Given records:
BEGIN
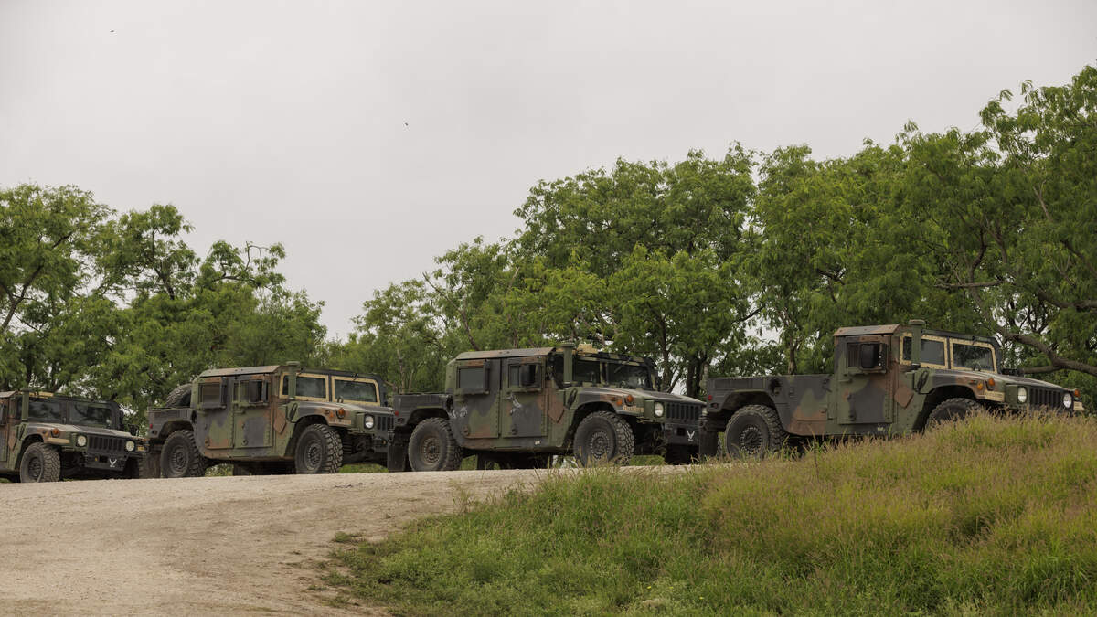 Military-style humvees are parked along the border wall in Brownsville, Texas. Photo: Getty Images
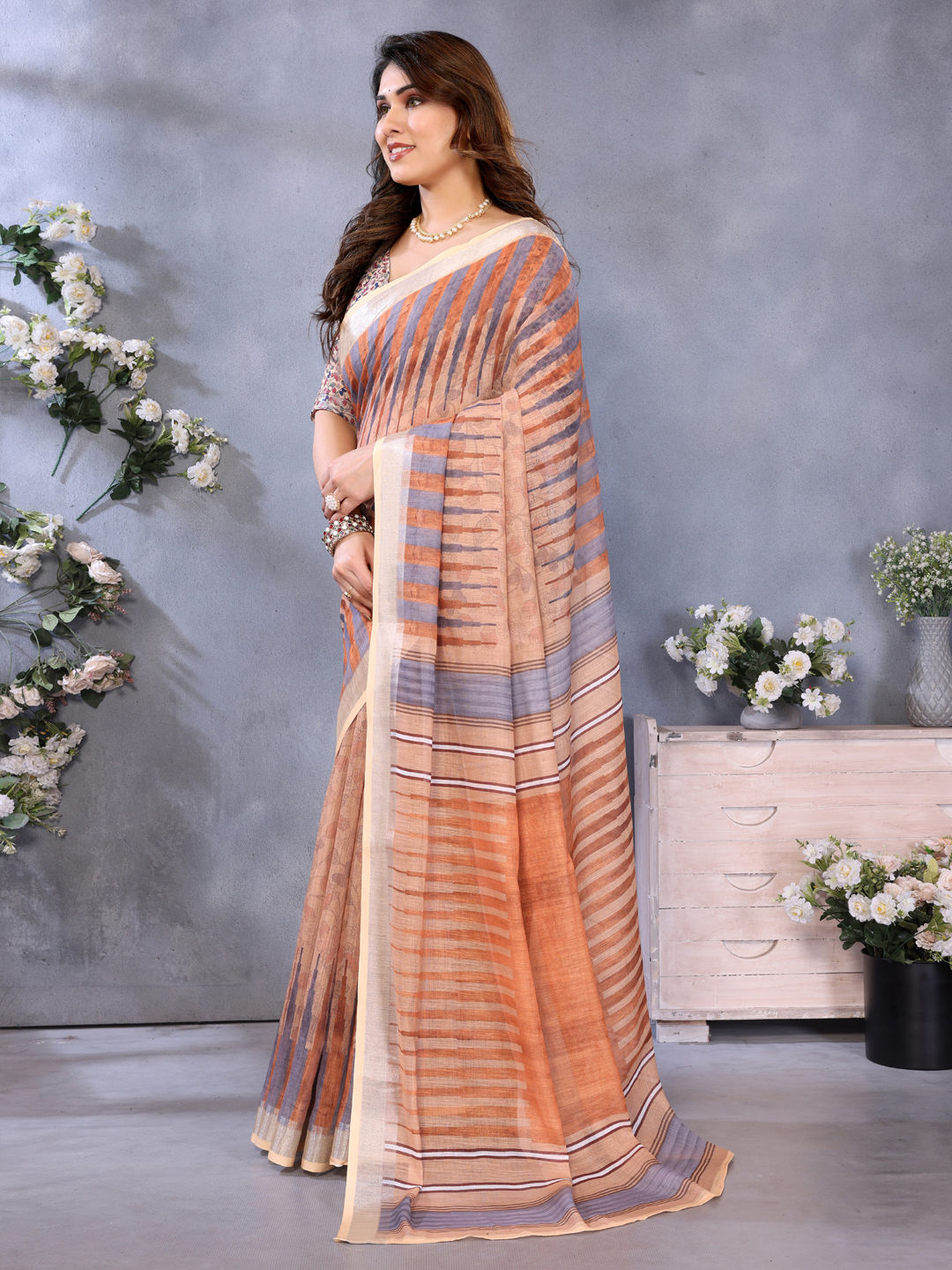 Beige and Brown color Saree in Cotton, Linen fabric with Digital Print, Zari work
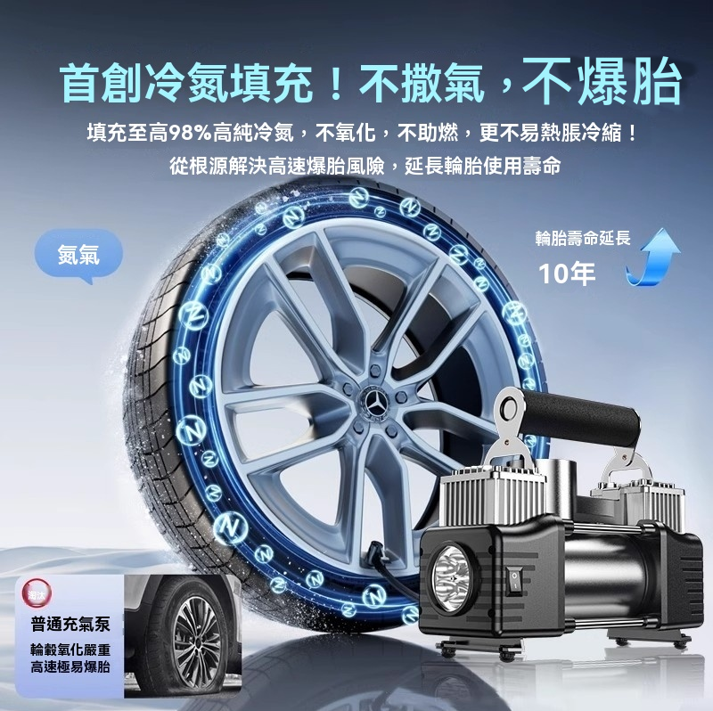 雙缸大馬力|補氣速度更快,15吋輪胎約1分鐘即可完成
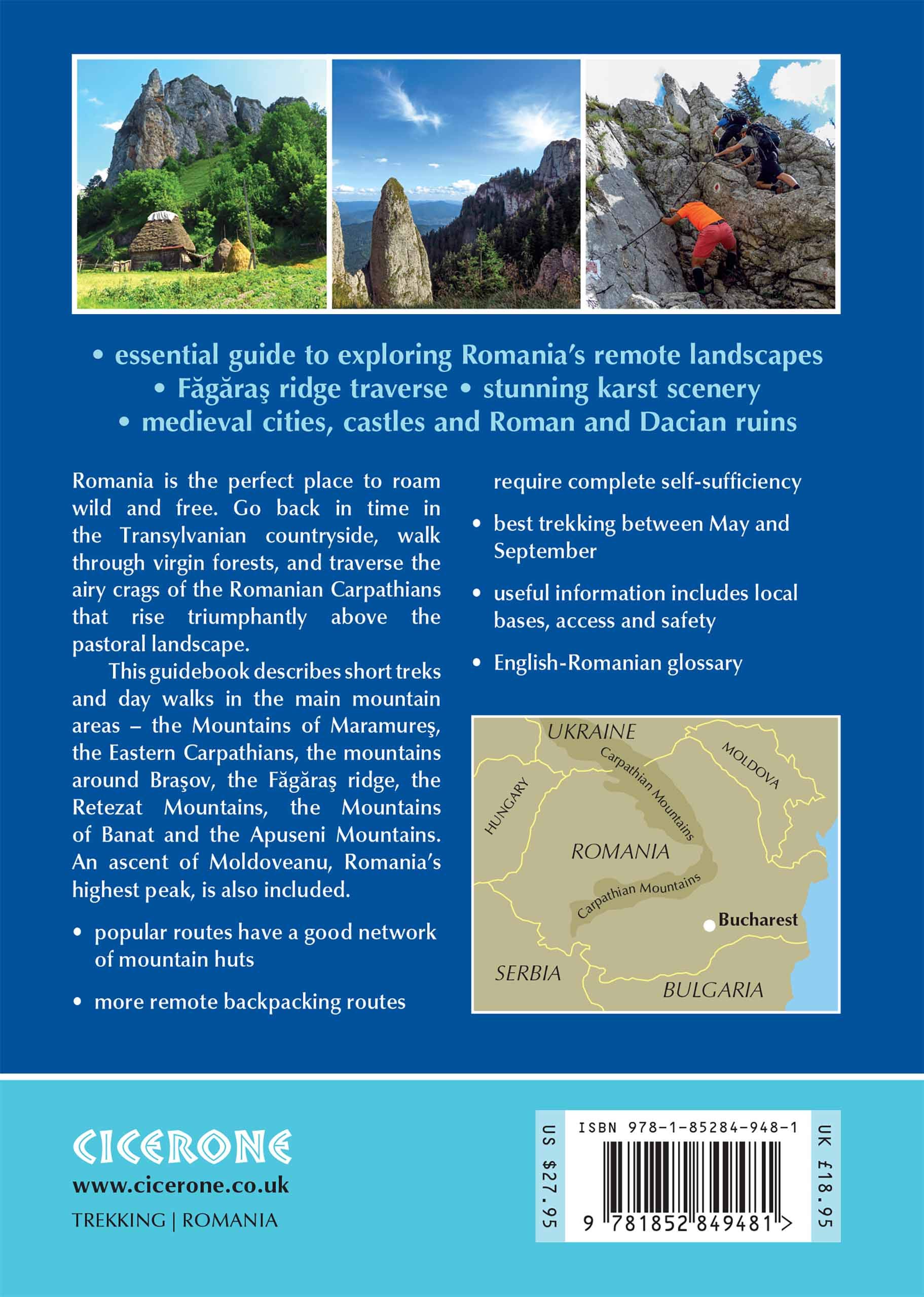 This guide describes 27 short treks of 2-6 days and 10 day walks in the mountains of Romania. Although there is a slight focus on Transylvania, most of the main massifs are included, with chapters covering the Mountains of Maramures, the Eastern Carpathians, the mountains around Brasov, the Fagaras, the region between the Olt and the Jiu, the Retezat, the mountains of Banat and the Apuseni. Also included is an ascent of Moldoveanu, Romania's highest peak at 2544m.
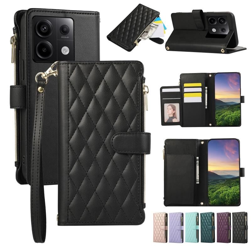 Για Redmi Note 13 Pro 5G Rhombic φερμουάρ πορτοφόλι δερμάτινη θήκη τηλεφώνου (μαύρο)
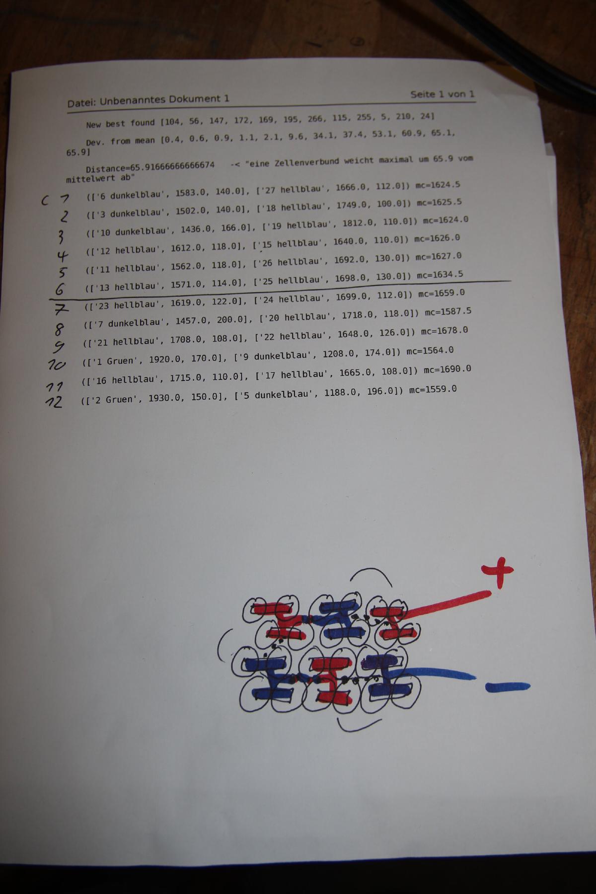 Drei der 27 2P Akkus hatten einen sichtlich höheren Innenwiderstand. Mit den verbleibenden 24 Doppelzellen konnte ich dann das 12S Paket planen.
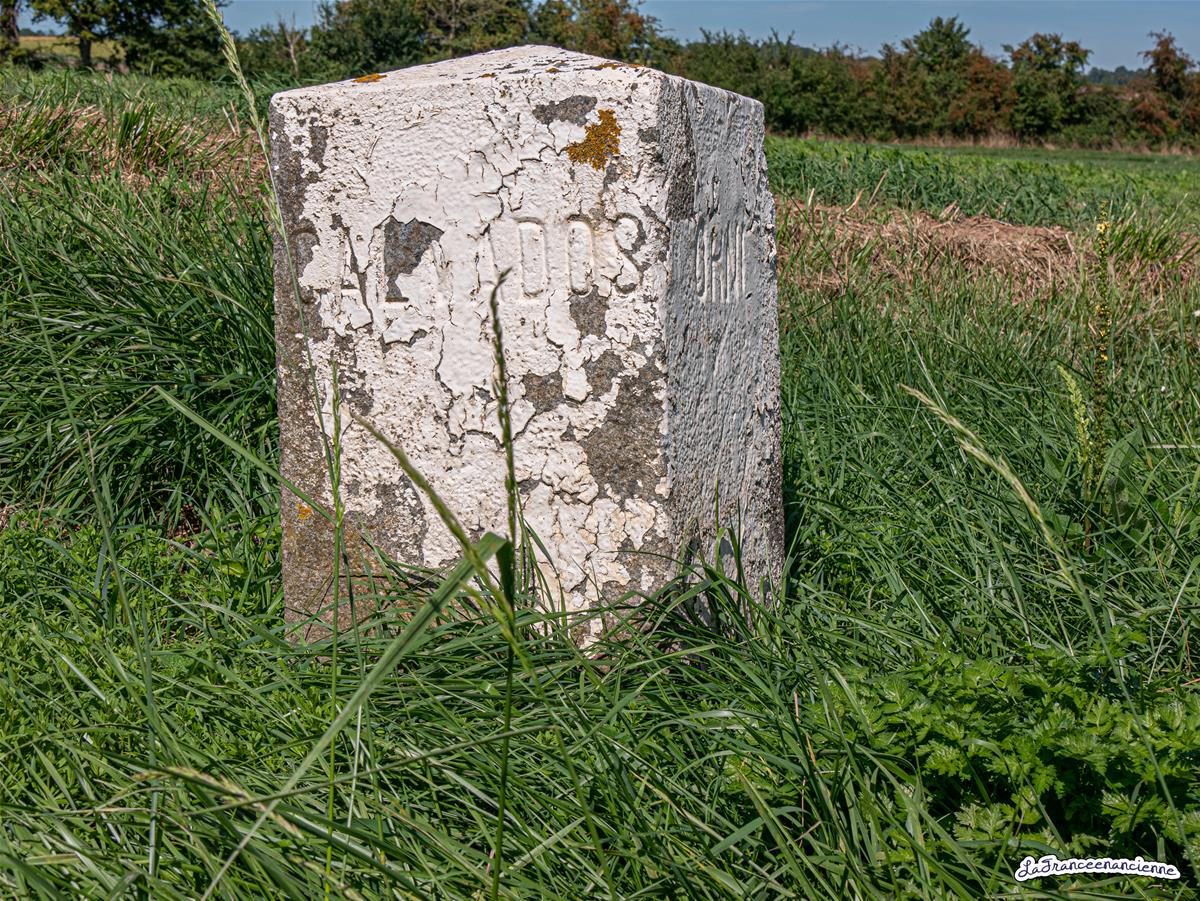 Borne interdépartementale entre le Calvados et l’Orne sur la D63a avant Marais la Chapelle
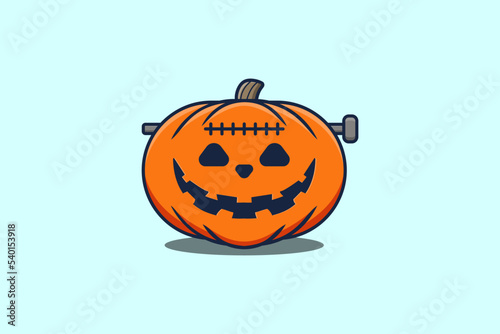 Cute mascot cartoon character Scary zombie pumpkin halloween illustration
END
What you are asked to do:
Copy out all the entries exactly. Images stay out of the copy.

Solved exercise:
 Military-style humvees are parked along the border wall in Brownsville, Texas. Photo: Getty Images
 Beige and Brown color Saree in Cotton, Linen fabric with Digital Print, Zari work
 雙缸大馬力|補氣速度更快,15吋輪胎約1分鐘即可完成
 This guide describes 27 short treks of 2-6 days and 10 day walks in the mountains of Romania. Although there is a slight focus on Transylvania, most of the main massifs are included, with chapters covering the Mountains of Maramures, the Eastern Carpathians, the mountains around Brasov, the Fagaras, the region between the Olt and the Jiu, the Retezat, the mountains of Banat and the Apuseni. Also included is an ascent of Moldoveanu, Romania's highest peak at 2544m.
 Για Redmi Note 13 Pro 5G Rhombic φερμουάρ πορτοφόλι δερμάτινη θήκη τηλεφώνου (μαύρο)
 Drei der 27 2P Akkus hatten einen sichtlich höheren Innenwiderstand. Mit den verbleibenden 24 Doppelzellen konnte ich dann das 12S Paket planen.
 Borne interdépartementale entre le Calvados et l’Orne sur la D63a avant Marais la Chapelle
 Cute mascot cartoon character Scary zombie pumpkin halloween illustration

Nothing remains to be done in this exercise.